* [DIRECTIONS] Starting with the line that contains "tillverkat av silikon" and ending with the last line of the listing, print each line exactly. Pictures stay out.

'''

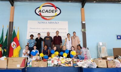 A campanha Páscoa Solidária, promovida pelo Colégio Espírito Santo, levou à ACADEF caixas e sacolas cheias de pacotes de arroz, feijão, massa, óleo de cozinha, molho...
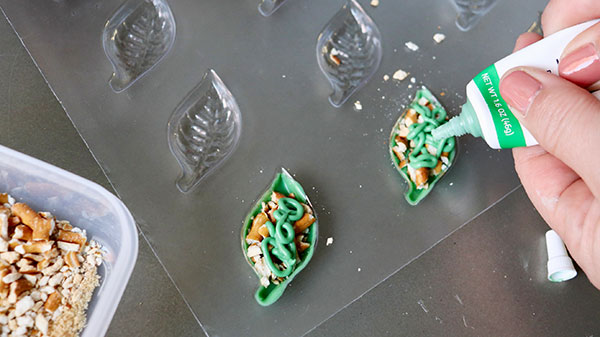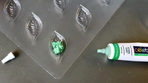 と思いつき、葉っぱのチョコ型 90-13-35 を準備。チョコを絞るだけでも良いのですが、少しだけ深さがある型なので、最初にキャンディライターのダークグリーンを、Wiltonの筆で塗り伸ばしました。
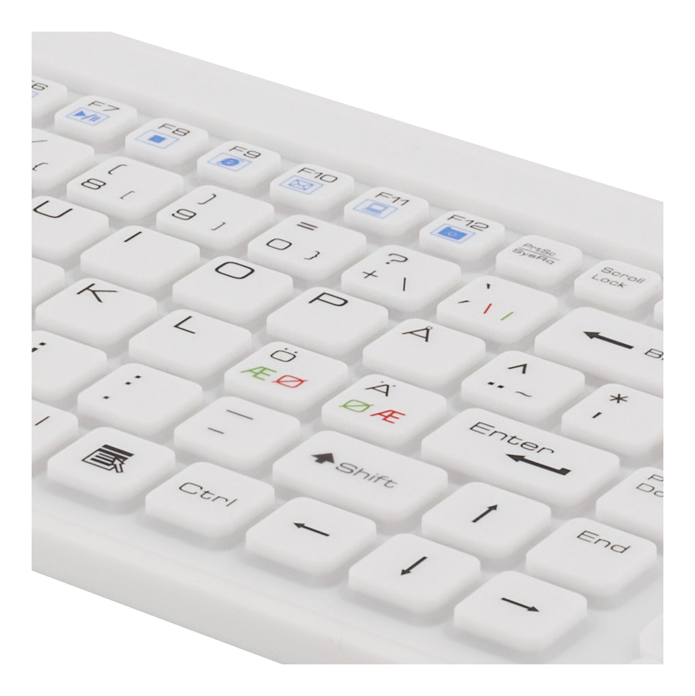 • Ett speciellt utformat industriellt tangentbord med touchpad, robust och vattentätt, tillverkat av silikon
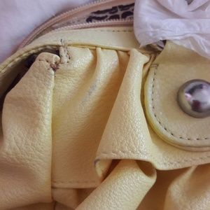 Brand new adorable yellow ruffle purse. Three inner pockets, one with zipper. Cute print inside. Zipper closure. 13 inches long, 7 inches tall. Straps are 8 inches. Made of fake leather. Super cute and in almost perfect condition. Has a few minor scuffs as shown in pictures. 😍
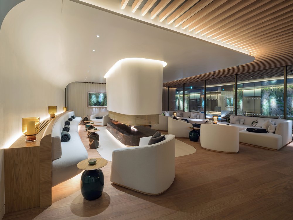 At the centre of the bouclé sofas and armchairs are hand-finished burled oak plinths on top of plush blue table bases. In between the armchairs, similar smaller tops have been paired with green ceramic vases creating a unique and elegant ambience to the spa.

'''

* [ANSWER TO THE EXERCISE]
 • Ett speciellt utformat industriellt tangentbord med touchpad, robust och vattentätt, tillverkat av silikon
 Brand new adorable yellow ruffle purse. Three inner pockets, one with zipper. Cute print inside. Zipper closure. 13 inches long, 7 inches tall. Straps are 8 inches. Made of fake leather. Super cute and in almost perfect condition. Has a few minor scuffs as shown in pictures. 😍
 At the centre of the bouclé sofas and armchairs are hand-finished burled oak plinths on top of plush blue table bases. In between the armchairs, similar smaller tops have been paired with green ceramic vases creating a unique and elegant ambience to the spa.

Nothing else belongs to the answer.